Exactly as they appear below, repeat the lines from the one with "Experience café-quality coffee" through the one with "16日,中国美食文化代表团与". Drop every picture.

BEGIN Task material

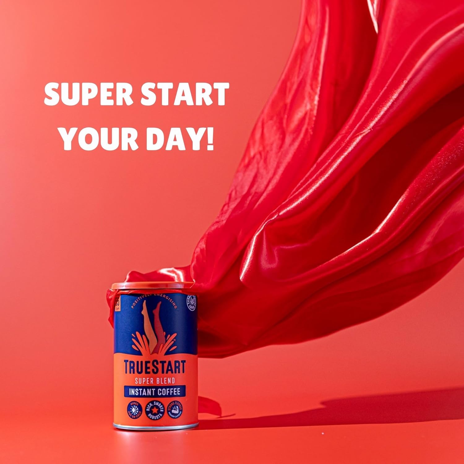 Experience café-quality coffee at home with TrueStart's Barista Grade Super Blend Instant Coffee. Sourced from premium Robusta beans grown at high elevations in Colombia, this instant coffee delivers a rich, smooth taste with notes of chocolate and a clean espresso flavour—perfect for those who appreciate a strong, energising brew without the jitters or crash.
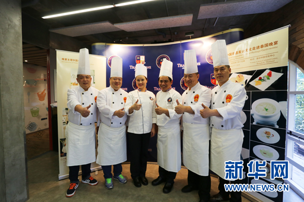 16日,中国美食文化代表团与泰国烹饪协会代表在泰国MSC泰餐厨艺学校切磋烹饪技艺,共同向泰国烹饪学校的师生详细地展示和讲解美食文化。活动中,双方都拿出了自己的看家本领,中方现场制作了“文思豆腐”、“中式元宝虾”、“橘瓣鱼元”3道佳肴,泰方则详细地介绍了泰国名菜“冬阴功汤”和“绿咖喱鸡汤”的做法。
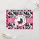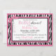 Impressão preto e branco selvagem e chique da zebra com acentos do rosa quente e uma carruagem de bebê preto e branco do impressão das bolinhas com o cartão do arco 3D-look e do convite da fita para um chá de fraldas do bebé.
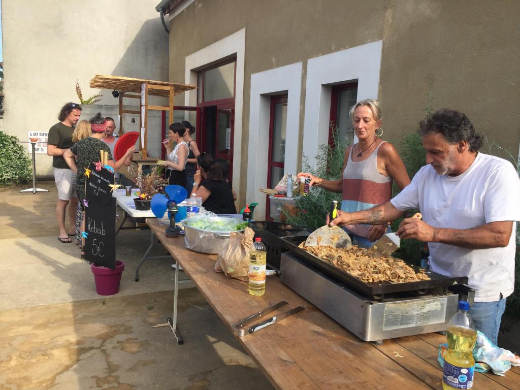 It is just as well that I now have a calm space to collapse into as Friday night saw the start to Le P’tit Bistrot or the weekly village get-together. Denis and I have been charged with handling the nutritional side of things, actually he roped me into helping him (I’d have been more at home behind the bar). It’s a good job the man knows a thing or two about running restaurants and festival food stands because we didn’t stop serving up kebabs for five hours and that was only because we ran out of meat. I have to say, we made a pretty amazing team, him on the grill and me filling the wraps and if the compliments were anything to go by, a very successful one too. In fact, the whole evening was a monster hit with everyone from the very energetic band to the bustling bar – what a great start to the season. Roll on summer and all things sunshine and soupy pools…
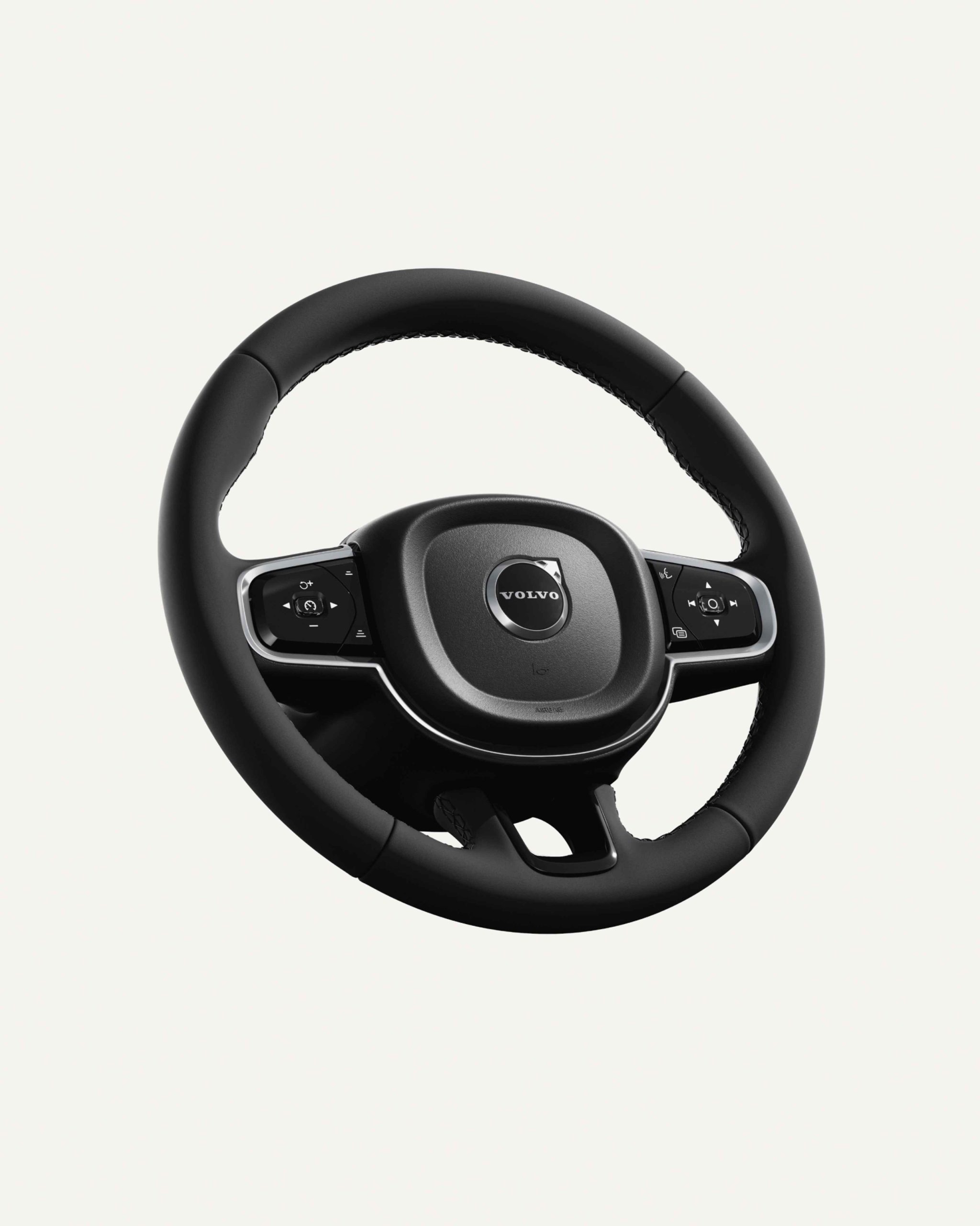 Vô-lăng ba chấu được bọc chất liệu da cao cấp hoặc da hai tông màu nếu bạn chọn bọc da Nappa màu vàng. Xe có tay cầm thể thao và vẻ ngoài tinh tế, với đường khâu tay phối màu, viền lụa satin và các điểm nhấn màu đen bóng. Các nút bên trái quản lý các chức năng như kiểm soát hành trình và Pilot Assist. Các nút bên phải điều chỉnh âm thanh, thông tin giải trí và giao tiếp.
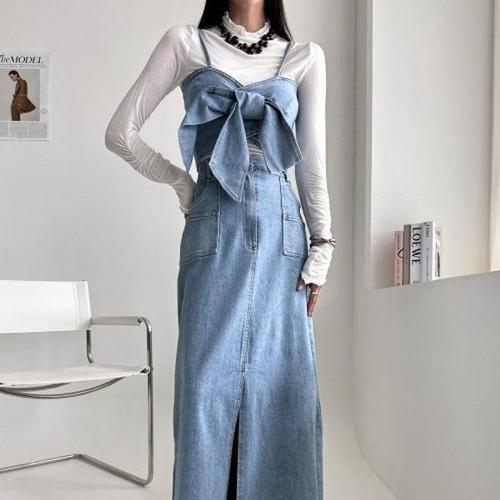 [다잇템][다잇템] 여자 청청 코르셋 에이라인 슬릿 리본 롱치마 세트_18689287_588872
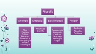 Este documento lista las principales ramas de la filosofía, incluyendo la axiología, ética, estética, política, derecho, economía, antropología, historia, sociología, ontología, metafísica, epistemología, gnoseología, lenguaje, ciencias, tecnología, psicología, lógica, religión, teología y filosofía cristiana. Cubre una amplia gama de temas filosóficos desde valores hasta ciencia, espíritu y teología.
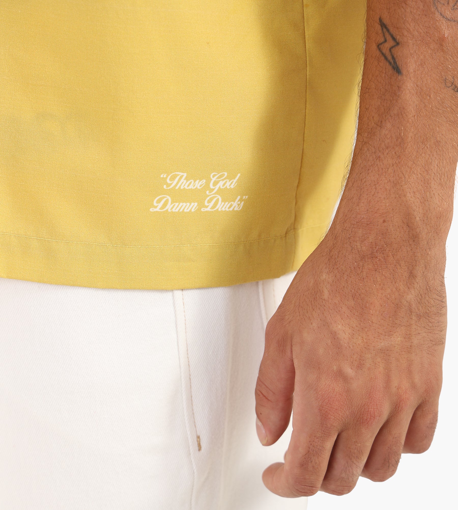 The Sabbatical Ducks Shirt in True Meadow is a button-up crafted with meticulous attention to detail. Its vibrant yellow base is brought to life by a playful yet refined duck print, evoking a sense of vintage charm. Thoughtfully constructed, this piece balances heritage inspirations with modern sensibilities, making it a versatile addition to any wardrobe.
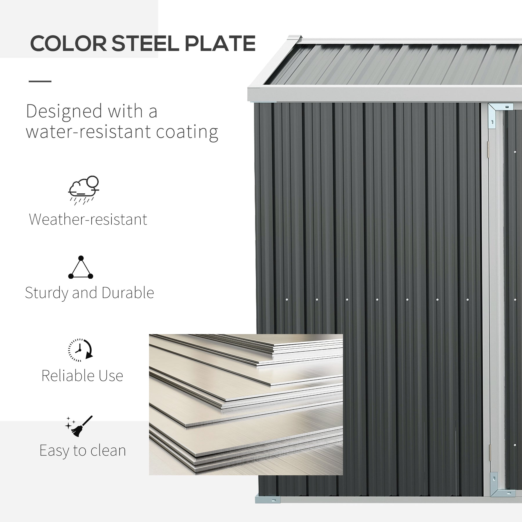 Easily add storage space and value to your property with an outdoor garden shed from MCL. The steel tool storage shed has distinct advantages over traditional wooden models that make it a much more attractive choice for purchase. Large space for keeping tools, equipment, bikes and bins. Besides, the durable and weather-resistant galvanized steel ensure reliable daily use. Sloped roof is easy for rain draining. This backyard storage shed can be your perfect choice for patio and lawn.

END Task material
BEGIN Task material

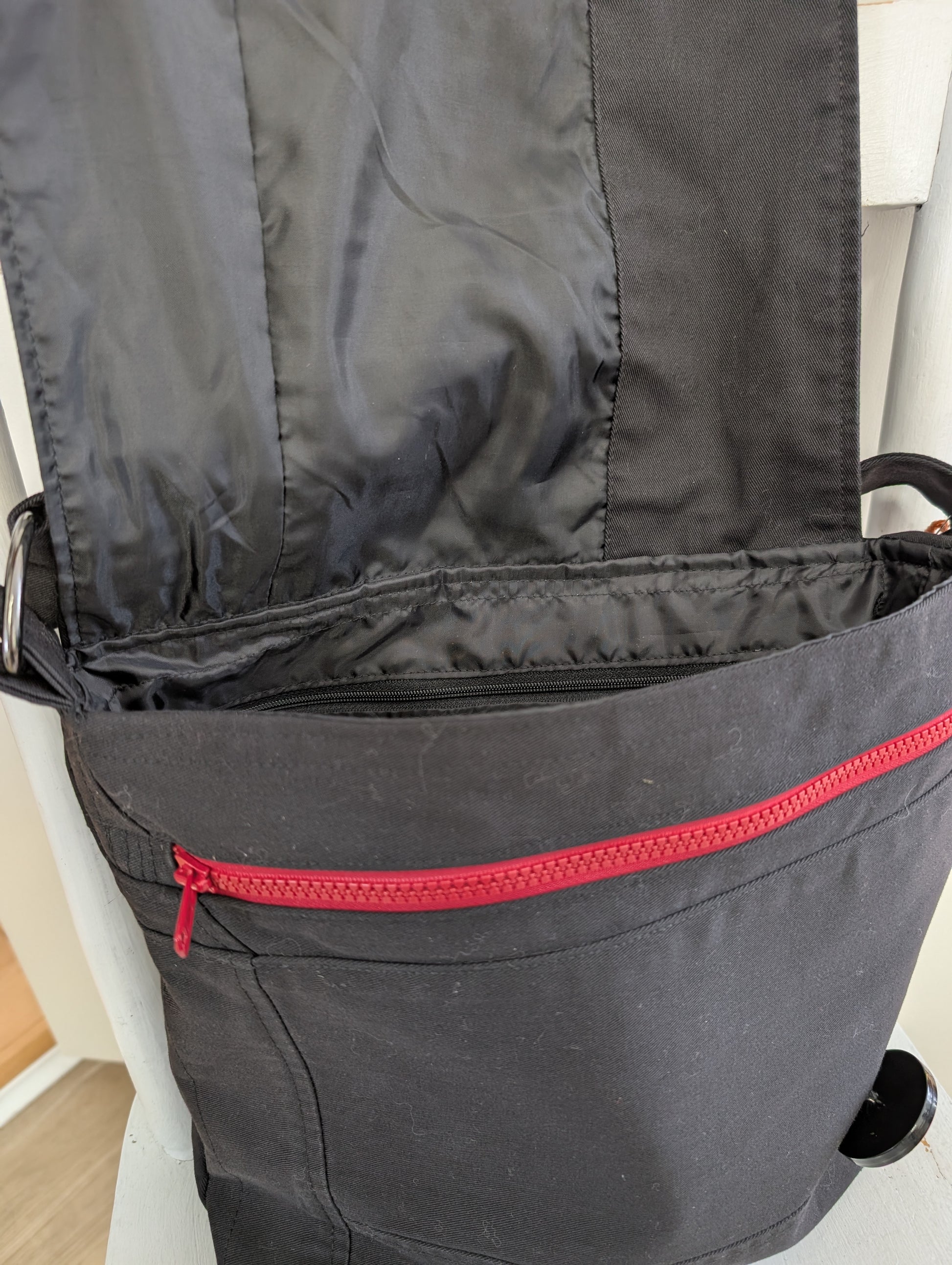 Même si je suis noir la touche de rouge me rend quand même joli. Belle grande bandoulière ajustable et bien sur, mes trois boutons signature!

END Task material

■ **Expected answer**
 Experience café-quality coffee at home with TrueStart's Barista Grade Super Blend Instant Coffee. Sourced from premium Robusta beans grown at high elevations in Colombia, this instant coffee delivers a rich, smooth taste with notes of chocolate and a clean espresso flavour—perfect for those who appreciate a strong, energising brew without the jitters or crash.
 16日,中国美食文化代表团与泰国烹饪协会代表在泰国MSC泰餐厨艺学校切磋烹饪技艺,共同向泰国烹饪学校的师生详细地展示和讲解美食文化。活动中,双方都拿出了自己的看家本领,中方现场制作了“文思豆腐”、“中式元宝虾”、“橘瓣鱼元”3道佳肴,泰方则详细地介绍了泰国名菜“冬阴功汤”和“绿咖喱鸡汤”的做法。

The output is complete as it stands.